Alec scratched his chin. Looked pensive. ‘Well, all I’ve ever wanted is a ship of my own.’
Julia flinched. She couldn’t help it. He was clearly using the play to convey the message that he couldn’t wait to get back to sea. He’d warned her it would happen, and that when he went they would be glad to see the back of each other.
And she’d said she would be far more relieved to see him go than he would be to leave.
She had been wrong. While he clearly couldn’t wait to shake the dust of Ness Hall from his shoes, she was going to miss him terribly. Miss what they’d had to start with anyway. Miss what they could have had if only things hadn’t gone so horribly wrong.
‘Go,’ said Nellie, ‘to the forest, and dig about the roots of the lemon trees. It is amongst them that you will find the means to obtain your heart’s desire.’

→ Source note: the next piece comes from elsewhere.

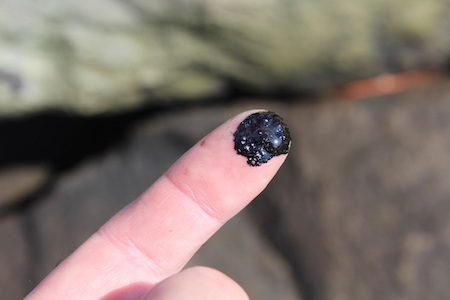 昨天,我去了Dartmouth Waterfront来看看石油。我在水中发现了一个油性光泽,沿着海岸线的岩石上的油状物:

The orchestra stuck up a chord, Nellie threw back her head, and launched into a rendition of the song which she managed to get into every production in which she’d appeared that year. At first, Julia couldn’t see that it had anything to do with the current play. But then she grudgingly admitted that it was about staying true when appearances changed, and Nellie had appeared first in the guise of an old crone, and then a beautiful fairy princess, and that only Alec hadn’t treated her any differently whatever she’d looked like.